◆ DESCRIPTION OF THE TASK
Print the data exactly as written, but leave out each picture.

◆ STORED DATA
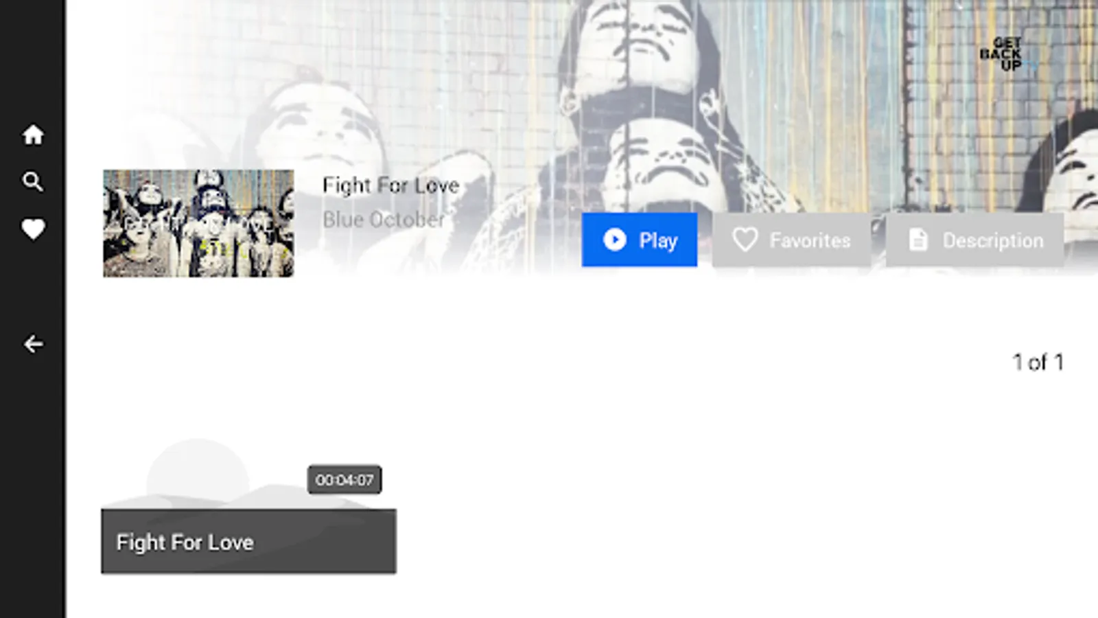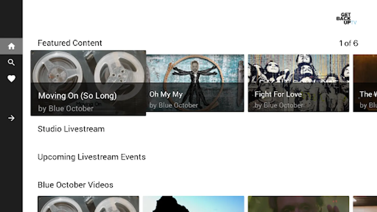 Get Back Up TV is an app and video platform to become inspired and realize you are good enough. Started as a platform for music videos and content for the band Blue October and Justin Furstenfeld, Get Back Up TV contains free content including music videos, live shows and more. The platform also contains livestream concerts.
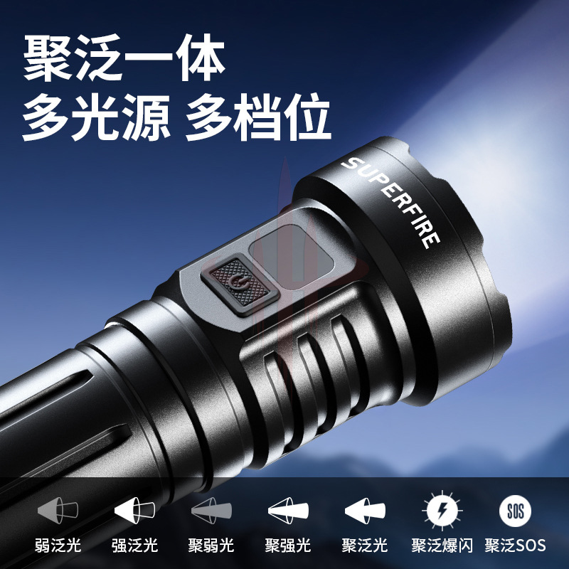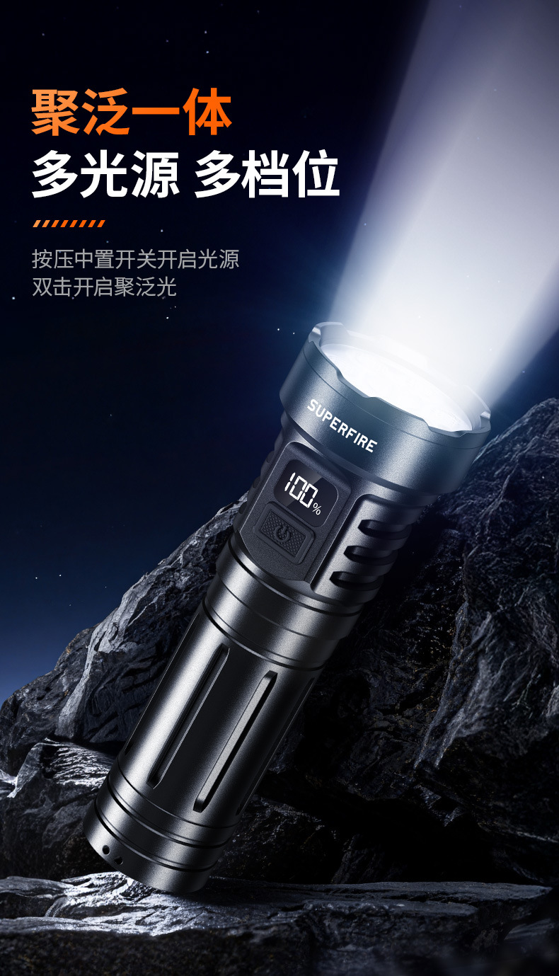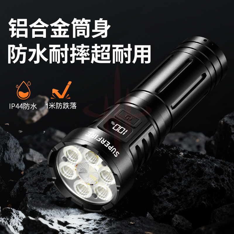 神火大功率强光手电户外防水铝合金多功能高流明LED屏显应急手电
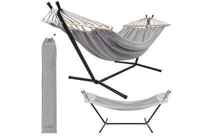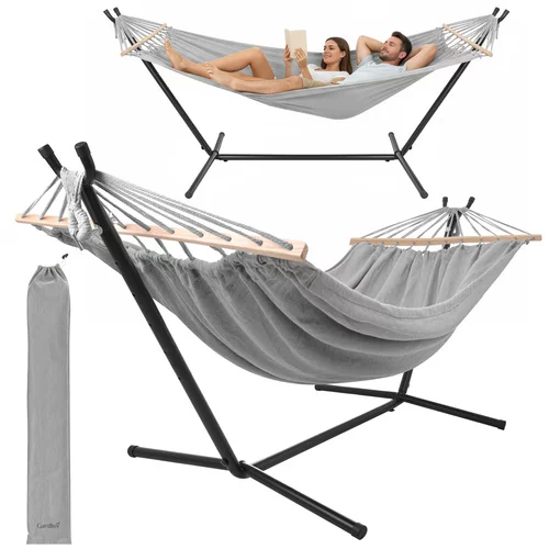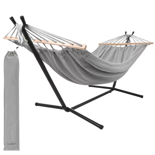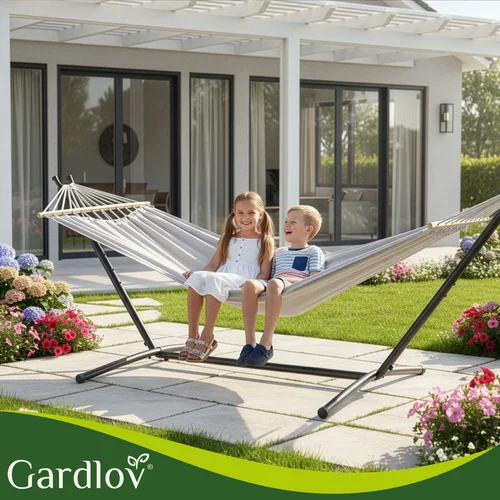 Doprajte si pohodlný odpočinok na záhrade, terase aj balkóne. Dvojmiestna hojdacia sieť s pevným kovovým stojanom ponúka stabilné a bezpečné miesto na relaxáciu osamote aj vo dvojici. Priestranná ležiaca plocha 200 × 150 cm a nosnosť až 250 kg zaisťujú komfort bez obmedzení. Vďaka rozpěrným dreveným tyčiam zostáva tkanina rovnomerne rozprestretá a nesroluje sa, čo prináša viac priestoru a pohodlnejšiu polohu pri ležení.

◆ EXERCISE SOLUTION
 Get Back Up TV is an app and video platform to become inspired and realize you are good enough. Started as a platform for music videos and content for the band Blue October and Justin Furstenfeld, Get Back Up TV contains free content including music videos, live shows and more. The platform also contains livestream concerts.
 神火大功率强光手电户外防水铝合金多功能高流明LED屏显应急手电
 Doprajte si pohodlný odpočinok na záhrade, terase aj balkóne. Dvojmiestna hojdacia sieť s pevným kovovým stojanom ponúka stabilné a bezpečné miesto na relaxáciu osamote aj vo dvojici. Priestranná ležiaca plocha 200 × 150 cm a nosnosť až 250 kg zaisťujú komfort bez obmedzení. Vďaka rozpěrným dreveným tyčiam zostáva tkanina rovnomerne rozprestretá a nesroluje sa, čo prináša viac priestoru a pohodlnejšiu polohu pri ležení.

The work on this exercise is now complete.